The base is skeptical of both men, and it’s not hard to see why. And so far, these two likely candidates have utilized extremely different strategies for selling themselves to suspicious conservative voters. Bush opts for open confrontation. Paul tries for appeasement.
Paul, a first-term senator from Kentucky, sometimes gives the impression that he can’t prevent himself from presenting the least-popular, most-controversy-generating libertarian convictions that lie in his heart. Where he succeeds in selling his rather unconventional non-interventionist and libertarian views to conservative audiences is when he can contrast them to either President Barack Obama or Hillary Clinton. The most obvious example would be his opposition to intervention in Libya. Paul could argue to skeptical conservatives that in fact, his dovish position was the one consistently opposing the Obama-Clinton foreign policy agenda.
But in a scrum with Republicans, Paul has a harder time. He starts to fudge the differences between his position and that at the core of his party. For instance, his most devoted fans were completely flummoxed when Paul signed Sen. Tom Cotton’s blistering open letter to Iran about the negotiations. Justin Raimondo, the libertarian behind antiwar.com, called Paul “the Neville Chamberlain of the Liberty Movement.”
When first elected by a Tea Party swell, Paul proposed an idealistic libertarian-ish federal budget that cut off all foreign aid, including aid to Israel. But now, instead of arguing that cutting foreign aid makes good fiscal and foreign policy sense, Paul has repositioned himself in a way that gets part of the way to his goal, while ceding much rhetorically to the base. He has introduced legislation that would halt aid to the Palestinian Authority, calling it the “Stand with Israel Act.” This didn’t prevent critics from laughing at his unenthusiastic clapping for Benjamin Netanyahu.
While Paul tries to have it both ways, Bush’s approach has been to confront his critics head on.

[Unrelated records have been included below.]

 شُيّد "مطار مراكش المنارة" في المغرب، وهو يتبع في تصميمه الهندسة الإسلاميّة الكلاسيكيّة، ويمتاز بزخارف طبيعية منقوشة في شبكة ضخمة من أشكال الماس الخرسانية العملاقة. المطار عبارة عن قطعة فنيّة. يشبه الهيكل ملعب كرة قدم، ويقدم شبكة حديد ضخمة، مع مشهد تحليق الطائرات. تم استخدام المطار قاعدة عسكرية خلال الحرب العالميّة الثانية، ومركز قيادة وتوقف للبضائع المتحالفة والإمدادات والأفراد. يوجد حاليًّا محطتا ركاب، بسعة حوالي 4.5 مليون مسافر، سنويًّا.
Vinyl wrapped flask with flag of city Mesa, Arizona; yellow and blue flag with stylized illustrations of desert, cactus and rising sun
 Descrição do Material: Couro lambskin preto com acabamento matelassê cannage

In an interview with Sean Hannity at CPAC, Bush adverted his views on immigration: “There is no plan to deport 11 million people.” (He did throw a bone in the direction of the movement right, saying, “A great country needs to enforce the borders.”)
When Bush is asked about Common Core, he doesn’t let himself get pulled into the weeds about individual curriculum choices that schools have been developing and making in response to the standards. Instead, he reframes Common Core as a common-sense effort at accountability in public education: “Raising expectations and having accurate assessments of where kids are is essential for success, and I’m not going to back down on that,” the former Florida governor said.

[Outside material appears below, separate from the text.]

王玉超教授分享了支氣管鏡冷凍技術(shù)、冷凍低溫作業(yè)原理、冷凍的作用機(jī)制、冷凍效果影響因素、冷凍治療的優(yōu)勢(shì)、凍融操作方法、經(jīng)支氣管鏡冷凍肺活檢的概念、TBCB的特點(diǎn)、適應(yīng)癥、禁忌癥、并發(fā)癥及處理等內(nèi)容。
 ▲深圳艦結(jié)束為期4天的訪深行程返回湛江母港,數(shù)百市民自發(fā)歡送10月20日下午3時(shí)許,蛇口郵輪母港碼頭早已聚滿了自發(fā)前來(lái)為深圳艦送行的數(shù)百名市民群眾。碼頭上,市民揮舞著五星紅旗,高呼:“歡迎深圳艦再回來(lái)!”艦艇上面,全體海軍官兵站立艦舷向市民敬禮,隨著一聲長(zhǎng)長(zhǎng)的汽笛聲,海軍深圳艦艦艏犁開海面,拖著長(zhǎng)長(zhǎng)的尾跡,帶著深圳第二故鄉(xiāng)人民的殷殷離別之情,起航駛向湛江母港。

Some conservative commentators have interpreted Bush’s strategies as a a replay of Jon Huntsman’s base-baiting 2012 campaign. But Huntsman seemed to be uninterested in conservative support entirely. Bush’s rhetorical game might actually win their respect.
Bush doesn’t come to conservatives as Mitt Romney did, with a basket full of new convictions. Bush’s efforts to sell his positions to conservative voters is an implicit message that he wants conservatives to support him. It also helps that he keeps hiring political and activist figures who have a devoted following among the most conservative parts of the right.

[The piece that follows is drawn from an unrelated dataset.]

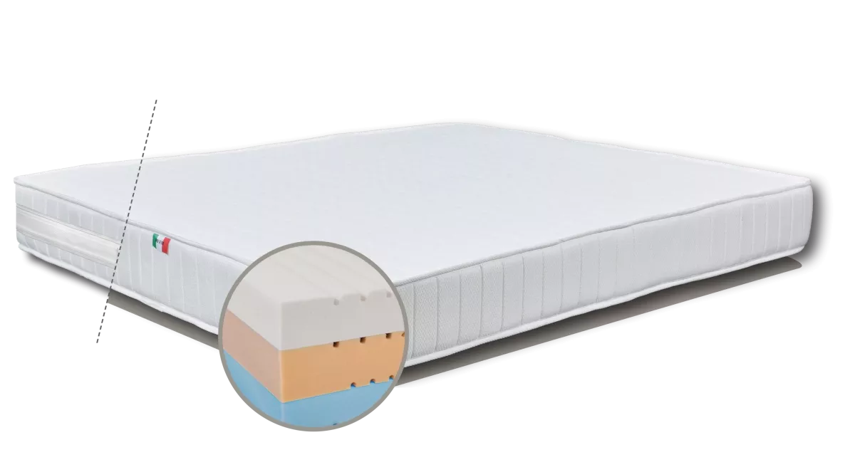 The sandwich inner structure, made of a layer of memory foam within two layers of flexible and un-deformable polyurethane ensures a balanced and ergonomic support and guarantees a healthy relaxation of the back. Lift has a cotton jersey undercover. For outstanding hygiene, the outer cover is completely removable and washable at 40°C. Outer shell with anti-bacterial treatment certified for 10 years in available upon request.
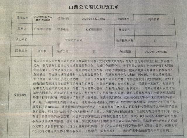 新春佳节,大同古城灯火璀璨,八方游客慕名而来。近日,大同市公安局交管支队收到了一封来自广东省中山市游客的感谢信,字里行间满是暖意,诉说着一个发生在古城寒夜的暖心故事

Even if conservatives can’t get everything they want, they seem to appreciate knowing where the GOP candidate stands, and what they can expect from him. In a way, Bush is giving the movement a compliment by disagreeing forthrightly, and selling his position to them anyway. Paul, on the other hand, is doing his own convictions and his party a disservice by pretending their differences don’t really exist.
By: Michael Brendan Dougherty, The Week, March 17, 2015
“Cowering Before A Few Rotting Corn Stalks”: Scott Walker, The Gutless Wonder Of The 2016 Presidential Race
Sometimes the most inside-baseball political stories tell you something essential about a presidential candidate. That’s what happened this week to Wisconsin Gov. Scott Walker, who apparently wants to win the Iowa caucuses so badly that he’s willing to torch his staff and his reputation to do it.
The Walker campaign recently announced that it had hired Liz Mair, a highly regarded Republican consultant. Mair has also played pundit at times, and is generally more pro-gay rights and pro-immigration than the average Republican. But that’s typical of Republican consultants in general. It is assumed that policy is set by the candidates themselves, not by the people advising them on their social media accounts.
However, Mair’s hiring was subject to an unusual amount of scrutiny. Muckrakers on the right pointed out that Mair supported “amnesty” for immigrants who had entered the country illegally, or something like it. The Des Moines Register ran an article highlighting some sharp remarks Mair had made about Iowa’s distorting influence on national politics, with its first-in-the-nation status forcing candidates to embrace Iowa’s agricultural subsidies and a federal mandate that requires fuel-inefficient ethanol to be mixed with all gasoline. And finally, Jeff Kauffman, Iowa’s GOP chairman, suggested to The New York Times that Walker should give Mair “her walking papers.”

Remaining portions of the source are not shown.